There are a few types of anxiety medications. Different types of anxiety respond to different drugs. Doctors typically give drugs like Xanax for predictable anxiety. For example, if you are afraid of plane rides or needles and must travel or have a dental procedure when you are afraid of dentists, your doctor may prescribe Xanax for these events. The problem with benzodiazepines is that they can lead to a tolerance and a dependence on them. You also have to slowly stop them or you could experience withdrawal symptoms.
Next is the generic buspirone. This drug works with neuroreceptors in your brain. One of the neuroreceptors controls your mood and this drug works in conjunction with that receptor to reduce your anxiety. It can help you think more clearly and can also help you sleep better. In addition, it can help with the sweating that frequently accompanies anxiety.
Atarax is used for anxiety and has a few good points. It does not cause dependence and you do not build up a tolerance to the drug. However, it does make you sleepy, so it cannot be taken if you are going to drive. You should also be careful because you could fall due to decreased alertness.
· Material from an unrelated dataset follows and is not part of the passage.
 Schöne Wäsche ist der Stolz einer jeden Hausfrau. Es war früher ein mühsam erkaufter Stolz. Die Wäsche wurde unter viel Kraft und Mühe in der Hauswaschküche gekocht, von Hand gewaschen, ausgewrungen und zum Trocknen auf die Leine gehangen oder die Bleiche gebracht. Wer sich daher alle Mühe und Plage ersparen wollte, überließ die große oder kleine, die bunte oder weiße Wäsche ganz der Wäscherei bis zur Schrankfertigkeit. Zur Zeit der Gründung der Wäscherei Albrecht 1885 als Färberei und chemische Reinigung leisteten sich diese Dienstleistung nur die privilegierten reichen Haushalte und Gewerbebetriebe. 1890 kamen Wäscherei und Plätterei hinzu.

Antivert is used to control the nausea related to anxiety. It takes an hour to work. For this reason, you usually use this if you fear flying on planes because its effects can last for over eight hours.
Natural Medicine for Anxiety
Many people are turning to alternative medicine these days. Due to its increased popularity, more research is being done on Kratom. Researchers want to see if it works or if it is simply folklore. As you may have guessed, Kratom is one potential herbal medicine for anxiety.
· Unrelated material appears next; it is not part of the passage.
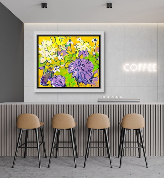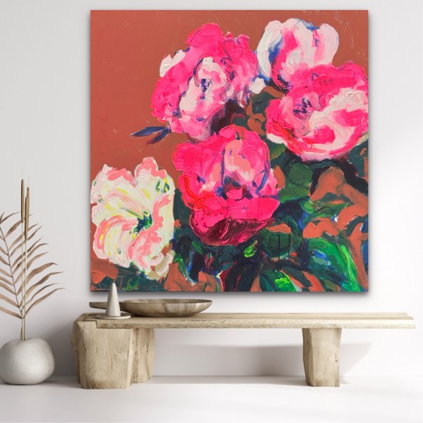 These paintings are created with house paints. Contemporary abstract decor with a floral theme.

Kratom has many different strains just like any other plant. According to people in the kratom community, the results you get for medicinal use vary by the strain. They report that some strains are good for pain, while others, such as red borneo, are better for anxiety. Part of the reason for this is that some Kratom strains have high sedative effects and would be great if you can’t sleep, but not the substance you want to relax you for a job interview.
Kratom is a plant that is native to Southeast Asia. Kratom strains are related to where in Southeast Asia they are grown. Is it grown in Thailand or in Borneo, one of the Indonesian islands? In addition, the color of the vein in the leaf also relates to what properties that particular strain may have. For anxiety you would want to look for red vein Kratom. Kratom comes in a variety of ways, but the most popular is red kratom powder. You should know that kratom has a very strong taste, so if you use the powder, you can add it to juice, just put it in your mouth and quickly wash it down with something that tastes great or buy a bag of empty capsules (they do sell these) and you have the supplies you need for do-it-yourself capsules.